Post by JehovahsWitness »

Is "IN the beginning" a good translation?

Hebrew feminine noun re'shiyth (pronounced ray-sheeth) and is translated into English as "the beginning"

The noun (re'shiyth) however carries the prepositional prefix "bereshete"; the Hebrew preposition (be) has the basic meaning of ‘in’ or ‘at’
http://en.wikipedia.org/wiki/Prefixes_i ... epositions
http://www.mickshebrew.741.com/page9.html

... Therefore "IN" the beginning is an acceptable rendition.

"Beginning", "THE beginning" or "A beginning"?

With regard to the lack of the definite article with rē’shīt, Victor P. Hamilton (PhD, Brandeis University) in his NICOT commentary on Genesis notes the following points:
  • The Masoretes understood the word to be absolute, for they accented the word with a certain disjunctive accent that is normal for words in the absolute state, rather than with a conjunctive accent, which is normal for words in the construct state.
Further, contextually, the article is absent, the word rē’shīt is used in an absolute sense in Isaiah 46:10 in an exact parallel to Genesis 1:1. All the ancient versions translate the word as an absolute.
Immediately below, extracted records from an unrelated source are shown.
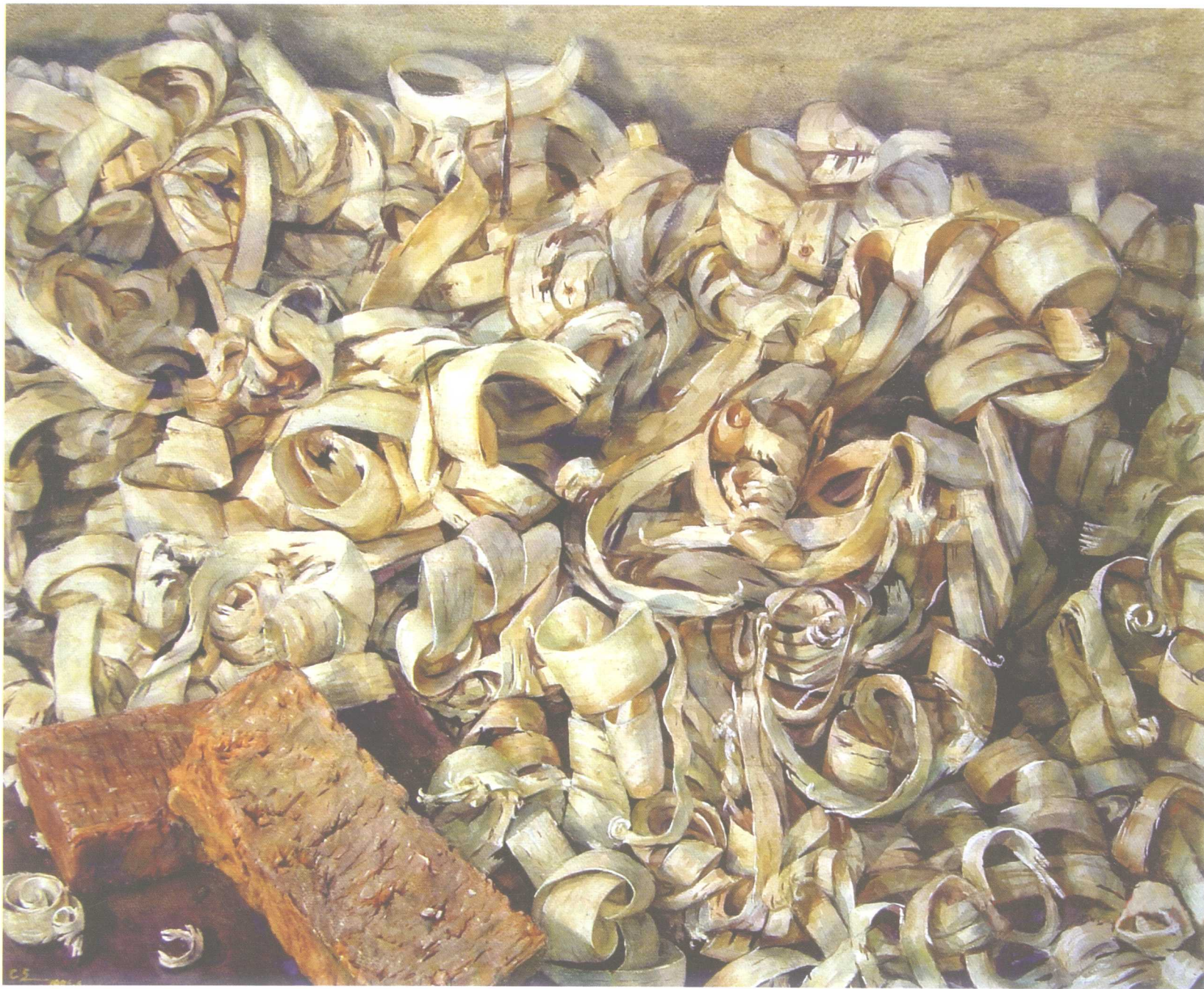
刨木花 540mm × 670mm 1996年
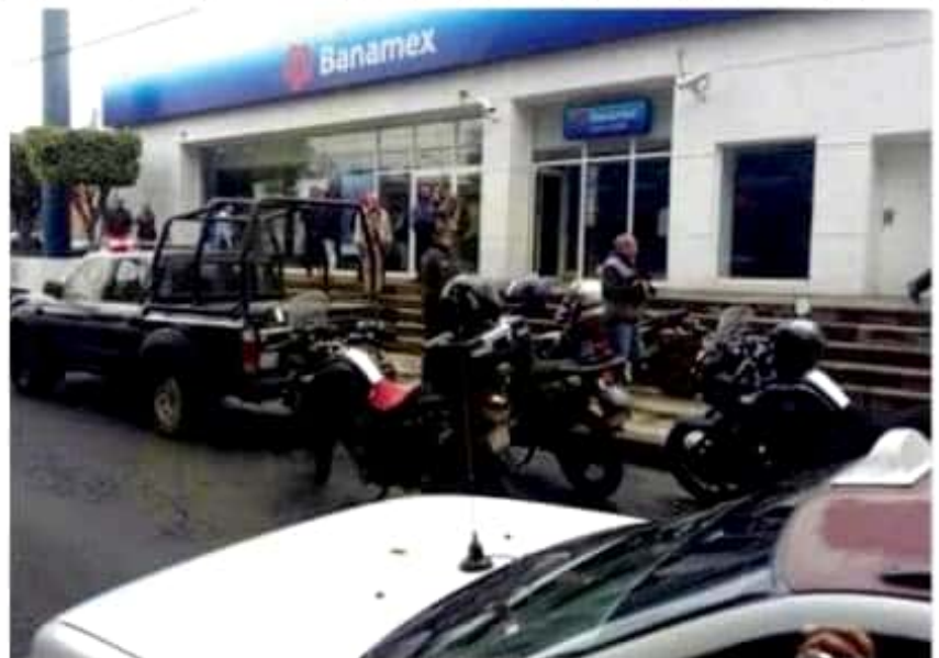
Ayer en Morelia, moto rateros asaltaron con violencia a un cuentahabiente, a quien le quitaron 200 mil pesos en efectivos, que apenas había retirado de una sucursal de Bancomer.

Además informó que uno de los asaltantes tenía un tatuaje en letras "Chinas".
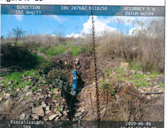
Figura N° 18
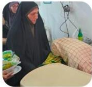
حضور خدام آستان مبارک حسین بن موسی الکاظم (ع) و بسیج جامعه زنان ناحیه طبس به همراه پرچم منبرک به حرم امام رضا (ع) و عبادت از بیماران به مناسبت دهه کرامت
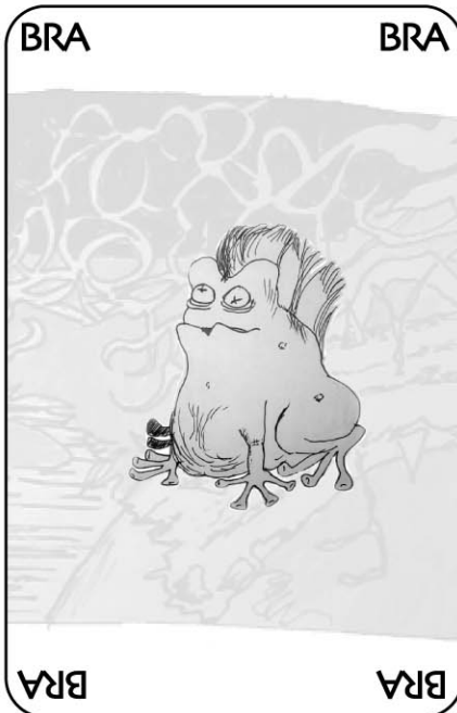
PLANCHE 1 : IMPRIMER EN 3 EXEMPLAIRES
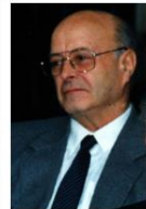
commons:Patxi Altuna euskala... Q wd:Q3370189 Q Azpeitia
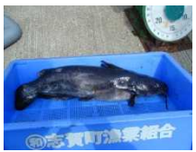
チャネルキャットフィッシュ
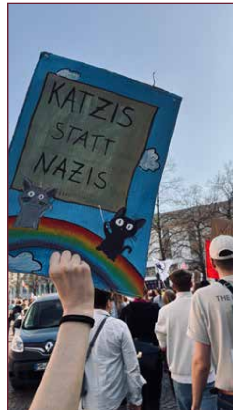
Slogans zum Schmunzeln wurden auf selbst gefertigten Plakaten gezeigt.

Von Heidelbergs 15 Stadtteilen gewannen DIE GRÜNEN 13 davon. Lange Gesichter machten die
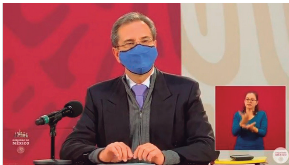
▲ El titular de la SEP, Esteban Moctezuma señaló que la currícula comprenderá las materias de Vida Saludable y Formación Cívica y Ética.

En la conferencia vespertina en Palacio Nacional, donde se dieron más detalles
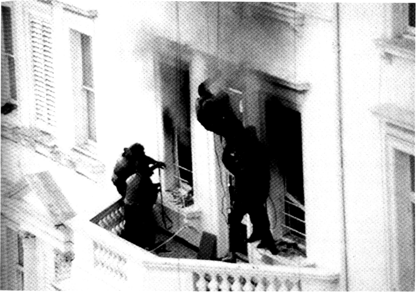
La libération de l'ambassade d'Iran, place St James à Londres en 1980 par le SAS, l'une des opérations les plus connues.
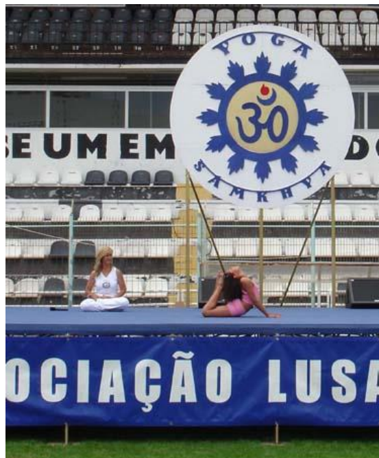
Sequência do Yoga para Crianças
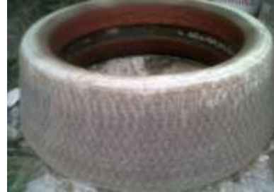
Gambar 3. Tyre
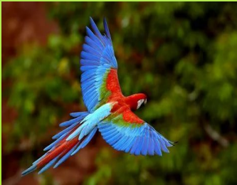
P a r r o t
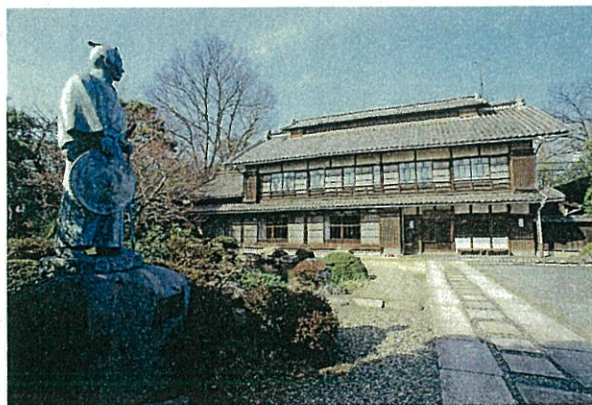
渋沢栄一 なかにち 生誕の地『中 なか の家』
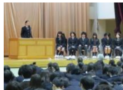
スピーチコンテスト
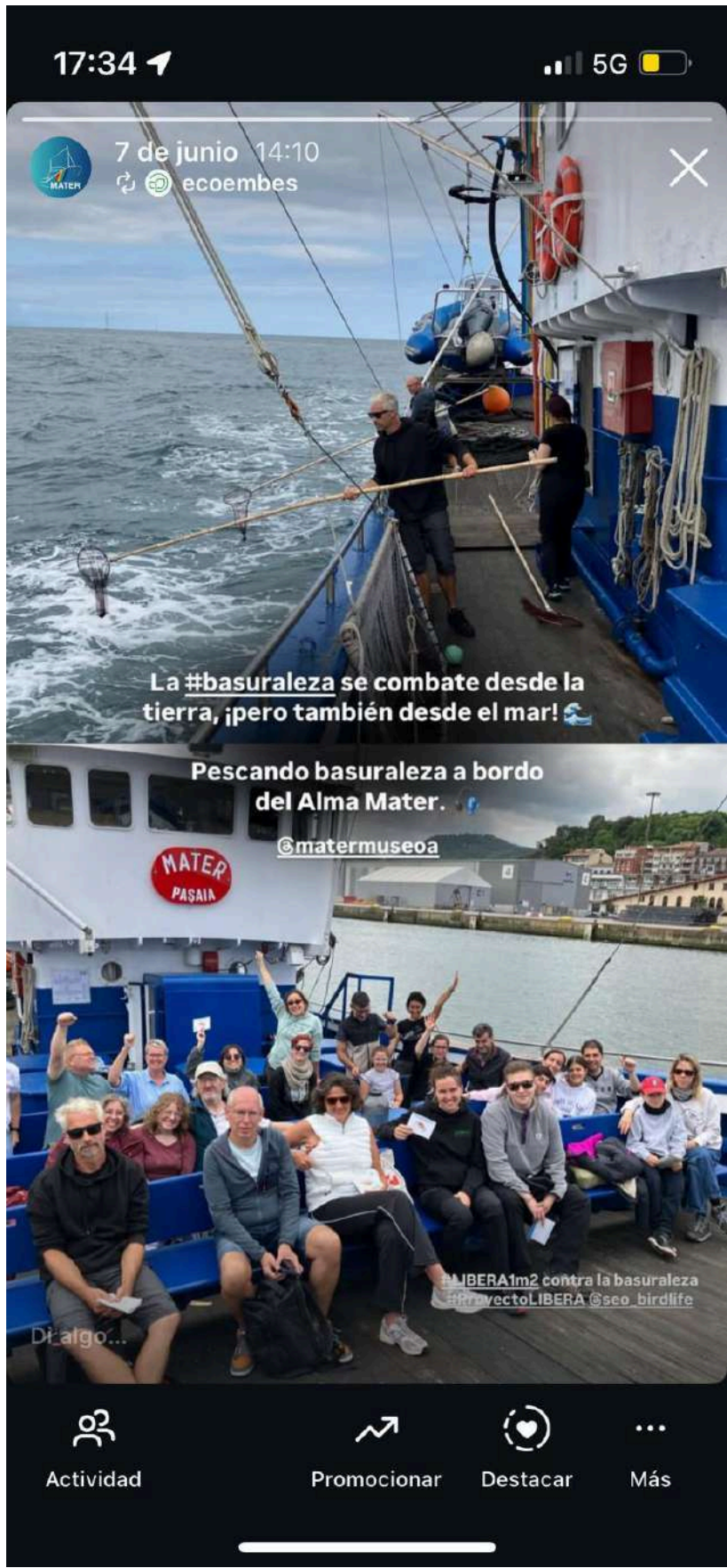
Foto 15: Publicaciones en las redes sociales de MATER el 07/06/2025
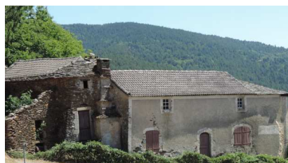
> Le mas Chanel, encore appelé ainsi de nos jours, où fut créée la base du logo à la renommée internationale.
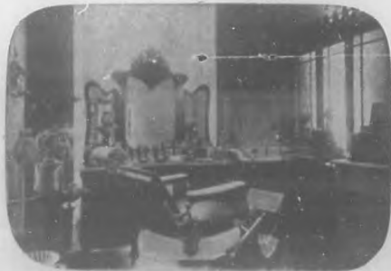
Salón D'Hygiene & de Beauté.—Sala de tratamientos de la belleza.

tos gratis, los que también se le pueden pedir por el teléfono A-4172.
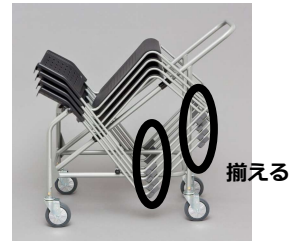
椅子片付け参考例 ※練習会場と同一のものではありません。
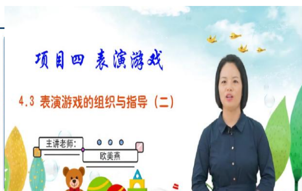
图2《幼儿游戏与指导》省级在线课程
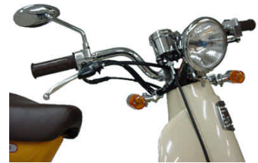
ミラーはオプション(別売)です。

(スピードメーターを交換するとニュートラルランプ、ターンランプが無くなりますので、各メーターサイズに合ったインジケーターランプホルダーキットを使用して下さい)
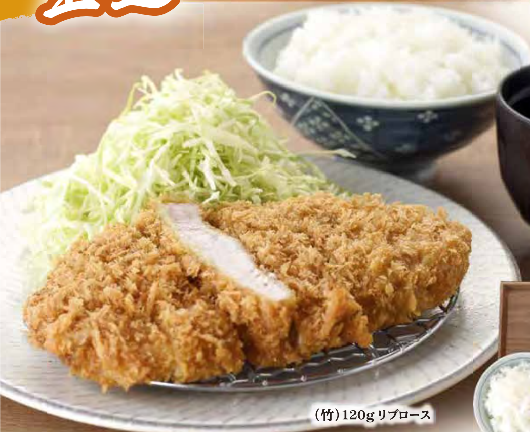
(竹) 120g リブローズ
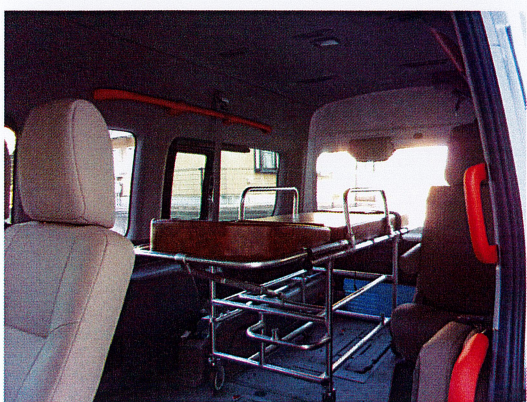
ストレッチャーを乗せる事ができ、緊急搬送も可能です。
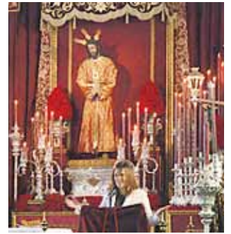
Pregón de San Pablo.
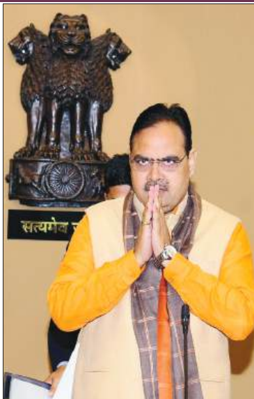
उन्होंने कहा कि संस्थान प्रसव, मातृ-शिशु मृत्यु दर, टीकाकरण, चिकित्सा संस्थानों की उपलब्धता सहित कई मायनों में राजस्थान का प्रदर्शन राष्ट्रीय औसत से बेहतर है।

जयपुर। मुख्यमंत्री भजनलाल शर्मा ने कहा कि चिकित्सक संवेदनाओं के साथ कर्तव्य का निर्वहन करते हुए स्वस्थ राजस्थान की हमारी संकल्पना को साकार करने में अहम भागीदारी निभा रहे हैं। प्रदेशवासियों को बेहतर चिकित्सा सुविधाएं उपलब्ध कराना हमारे लिए सर्वोच्च प्राथमिकता है। हम 'आपगो स्वस्थ राजस्थान' की संकल्पना पर काम करते हुए उत्कृष्ट एवं खूबहाल राजस्थान बनाने के लिए प्रतिबद्ध हैं। मुख्यमंत्री ने कहा कि चिकित्सक अपने क्षेत्र के विशेषज्ञ हैं तथा आगामी बजट में इनके द्वारा दिए गए सुझाव आमजन के लिए लाभकारी हैं। शर्मा शुक्रवार को मुख्यमंत्री कार्यालय में चिकित्सा एवं स्वास्थ्य क्षेत्र से जुड़े संस्थानों के प्रतिनिधियों के साथ बजट पूर्व संवाद का संवोधित कर रहे हैं। उन्होंने कहा कि राज्य सरकार स्वास्थ्य सेवाओं के विस्तार एवं सुदृढीकरण के लिए निरंतर कार्य कर रही है। चिकित्सा के महत्व को समझते हुए हमने गत बजट में चिकित्सा के लिए कुल बजट का रिकॉर्ड 8.26 प्रतिशत आवंटित किया।
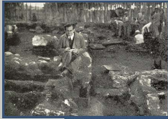
Fig.3 Trabajos de documentación durante las intervenciones arqueológicas realizadas por J. Pérez de Barradas.
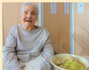
↑久しぶりのラーメンだよ

「今度は醤油ラーメンがいいね」とリクエストもいたったので、今回の企画の参考にさせていただきます。

Thus the word rē’shīt is properly translated ‘THE beginning’ despite the fact that the definite article is absent in the Hebrew.


Tense "create" or "created"?
The Hebrew verb used here is in the Qal perfect state (more specifically the Qal perfect 3rd masculine singular).

Regarding the tense, the following is a quotation from author Jeff A Benner regarding how are Hebrew verb tenses different from English?
  • Hebrew verb tenses are related to action (perfect - completed action and imperfect - incomplete action) whereas English verb tenses are related to time (past, present and future). When the English translation has past tense it is usually the perfect tense in the Hebrew since it is completed action. The imperfect tense can be translated as present or future and can cause some problems when translating the Hebrew imperfect tense. The reality is that the Hebrew is not writing about time (past, present or future) as in their mind even something completed can be in the future.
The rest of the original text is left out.